Closed cb3inco closed 3 years ago

cb3inco commented 6 years ago

Describe the feature you'd like Implementation of 2FA time based tokens.

Describe the benefits this feature would bring to BookStack users The benefit would be that I would feel confident allowing BookStack face the public internet if 2FA could be turned on and enforced. This would allow the user direct access without having to turn on a VPN to get inside our network. I realize this might not be the use case for a lot of folks, but for those who are documenting sensitive systems this would be a huge win.

vincentmakes commented 5 years ago

This feature would be great

Shagon94 commented 5 years ago

Would love to have this feature, duo has a free plan, I've used duo and its great. The only thing that could be a downside to users would be if this too is behind a paywall like the Oauth feature, security should not be placed behind a paywall.

ssddanbrown commented 5 years ago

The only thing that could be a downside to users would be if this too is behind a paywall like the Oauth feature, security should not be placed behind a paywall.

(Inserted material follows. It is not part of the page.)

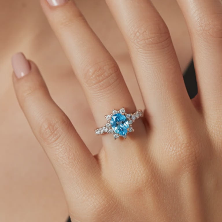 The Caterina 1CT Pear Cut Blue Moissanite Ring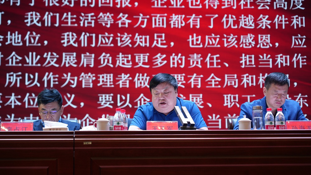 會(huì )上,孫海玉總經(jīng)理、趙杰經(jīng)理、姜子奇經(jīng)理分別就2023年膨潤土、旅游、房地產(chǎn)三大產(chǎn)業(yè)的各項工作開(kāi)展情況進(jìn)行了總結,對2024年工作任務(wù)作了具體安排。李珊珊經(jīng)理、李占江經(jīng)理、于惠治經(jīng)理、分別對財務(wù)、安全、綜合管理做了2023年的總結,并對2024年工作進(jìn)行了部署。

@Shagon94 Sorry, I may be getting confused since I'm not familiar with Duo, but is the mention of a paywall in reference to Duo or in reference to BookStack?

I'd prefer to stay away from anything vendor specific for this tbh, and go for something fairly open and common such as TOTP.

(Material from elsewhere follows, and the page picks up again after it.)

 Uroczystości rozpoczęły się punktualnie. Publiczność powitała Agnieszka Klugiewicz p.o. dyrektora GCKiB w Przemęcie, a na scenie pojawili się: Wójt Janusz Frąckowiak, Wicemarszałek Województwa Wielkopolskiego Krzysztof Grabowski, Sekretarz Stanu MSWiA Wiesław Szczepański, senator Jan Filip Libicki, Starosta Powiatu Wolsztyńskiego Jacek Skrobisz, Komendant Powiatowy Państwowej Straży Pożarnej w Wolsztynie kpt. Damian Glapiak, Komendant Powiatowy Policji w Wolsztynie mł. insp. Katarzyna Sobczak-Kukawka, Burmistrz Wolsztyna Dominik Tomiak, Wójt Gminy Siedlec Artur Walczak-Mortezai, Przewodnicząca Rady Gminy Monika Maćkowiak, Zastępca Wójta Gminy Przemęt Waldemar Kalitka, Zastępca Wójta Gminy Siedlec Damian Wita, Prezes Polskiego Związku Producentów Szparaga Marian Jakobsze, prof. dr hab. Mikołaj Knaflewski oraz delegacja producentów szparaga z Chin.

Shagon94 commented 5 years ago

Apologies, I just found the documentation page for Oauth - https://www.bookstackapp.com/docs/admin/third-party-auth/

that being said MFA / 2FA would be great as well, TOTP would also be a great addition.

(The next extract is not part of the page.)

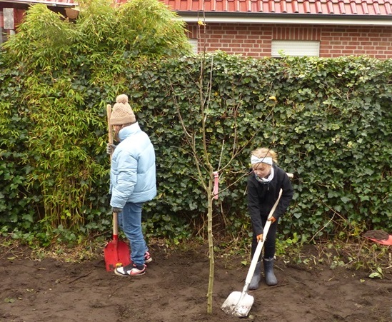 Unter der Anleitung von Herrn Rademaker und mit vielen fleißigen Helfern haben wir gemeinsam Apfelbäume auf unserem Schulgelände gepflanzt. Wir freuen uns schon auf die erste Apfelernte und bedanken uns bei allen Beteiligten.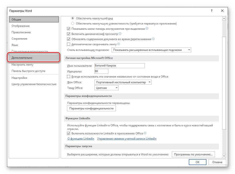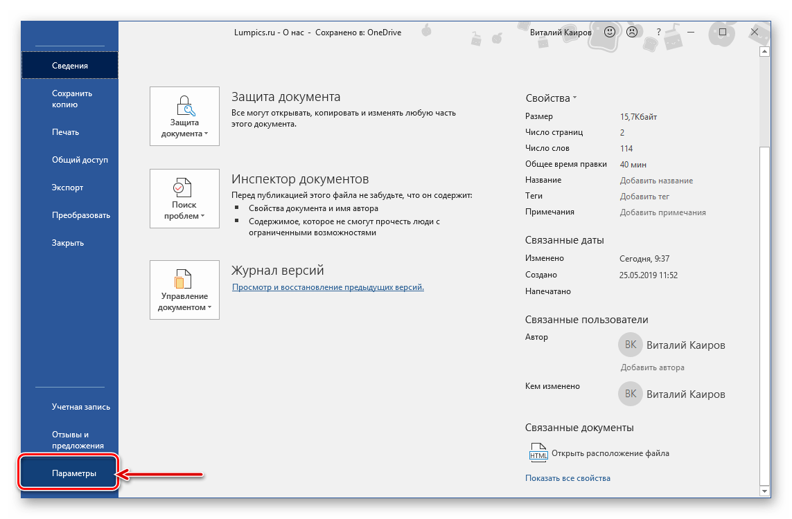 - Откройте «Параметры» программы (через меню «Файл» или кнопку с лого MS Office, зависит от версии).

Regarding duo - duo is a 2FA provider, they have an app as well, it works like any other 2FA compatible app, the reason why I mentioned them was because they have a free plan so people might prefer having a push that they can just accept over entering the key from the OTP.

Even if we exclude duo from this 2FA is a great addition to the security, any implementation would be great.

ssddanbrown commented 5 years ago

Just putting this here as a reminder to myself to potentially dig into a webauthn implementation: https://hacks.mozilla.org/2018/01/using-hardware-token-based-2fa-with-the-webauthn-api/

ssddanbrown commented 4 years ago

Copy of my message from the closed (In favor of this issue) original issue:

Just to flesh this out a little further, What kind of controls would you want for 2FA? For example, would you want to force 2FA on all users? Let users decide? User-level control by admins? Something else?

Not looking for extra ideas, just want to know what you'd specifically want for your environment(s).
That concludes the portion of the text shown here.